┌─ DATASET CONTENT

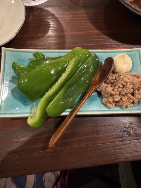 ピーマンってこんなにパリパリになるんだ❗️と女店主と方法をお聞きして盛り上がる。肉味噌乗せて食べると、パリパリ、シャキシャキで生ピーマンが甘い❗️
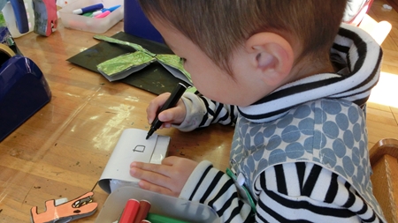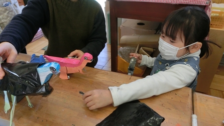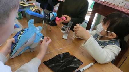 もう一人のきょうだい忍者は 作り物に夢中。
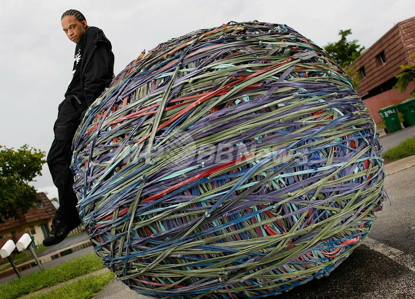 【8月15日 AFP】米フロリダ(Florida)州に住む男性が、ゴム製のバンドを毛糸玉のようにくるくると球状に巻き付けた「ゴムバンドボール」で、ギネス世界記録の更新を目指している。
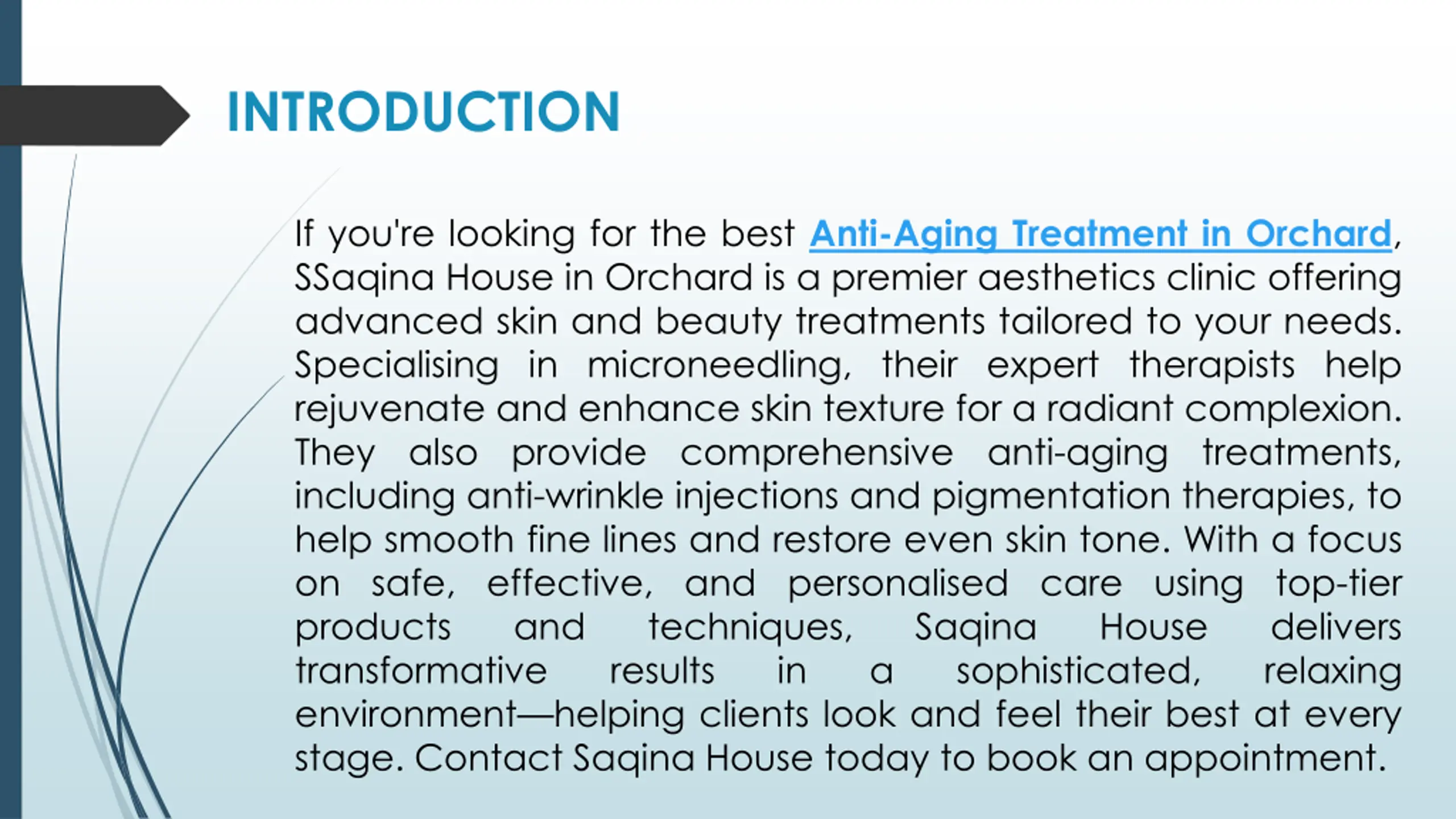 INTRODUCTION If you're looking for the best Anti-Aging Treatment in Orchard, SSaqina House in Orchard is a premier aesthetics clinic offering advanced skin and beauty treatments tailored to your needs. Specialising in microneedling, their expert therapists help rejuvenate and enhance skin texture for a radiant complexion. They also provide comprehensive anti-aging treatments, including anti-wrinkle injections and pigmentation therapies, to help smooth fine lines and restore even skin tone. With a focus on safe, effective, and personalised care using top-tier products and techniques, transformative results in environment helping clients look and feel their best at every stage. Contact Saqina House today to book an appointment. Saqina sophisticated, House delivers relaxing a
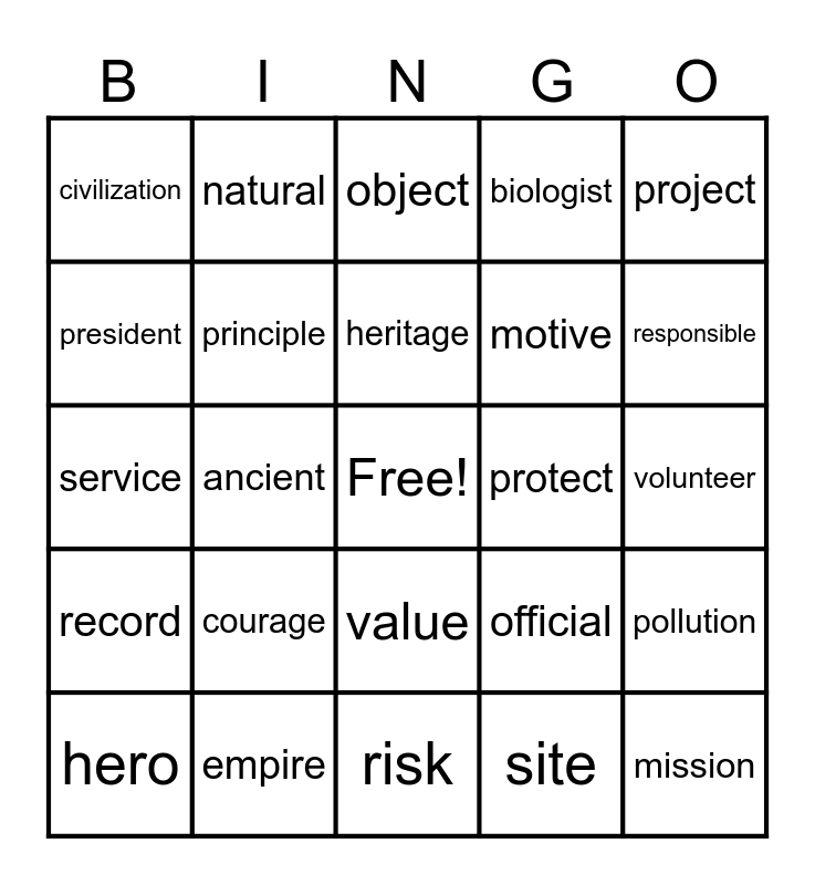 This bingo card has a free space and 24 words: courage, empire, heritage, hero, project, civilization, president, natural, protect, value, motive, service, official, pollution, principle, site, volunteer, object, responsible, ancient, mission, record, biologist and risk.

└─

WHAT YOU SHOULD DO -> Without the pictures, print all of the records exactly.

SOLUTION TO THE EXERCISE ->
 ピーマンってこんなにパリパリになるんだ❗️と女店主と方法をお聞きして盛り上がる。肉味噌乗せて食べると、パリパリ、シャキシャキで生ピーマンが甘い❗️
 もう一人のきょうだい忍者は 作り物に夢中。
 【8月15日 AFP】米フロリダ(Florida)州に住む男性が、ゴム製のバンドを毛糸玉のようにくるくると球状に巻き付けた「ゴムバンドボール」で、ギネス世界記録の更新を目指している。
 INTRODUCTION If you're looking for the best Anti-Aging Treatment in Orchard, SSaqina House in Orchard is a premier aesthetics clinic offering advanced skin and beauty treatments tailored to your needs. Specialising in microneedling, their expert therapists help rejuvenate and enhance skin texture for a radiant complexion. They also provide comprehensive anti-aging treatments, including anti-wrinkle injections and pigmentation therapies, to help smooth fine lines and restore even skin tone. With a focus on safe, effective, and personalised care using top-tier products and techniques, transformative results in environment helping clients look and feel their best at every stage. Contact Saqina House today to book an appointment. Saqina sophisticated, House delivers relaxing a
 This bingo card has a free space and 24 words: courage, empire, heritage, hero, project, civilization, president, natural, protect, value, motive, service, official, pollution, principle, site, volunteer, object, responsible, ancient, mission, record, biologist and risk.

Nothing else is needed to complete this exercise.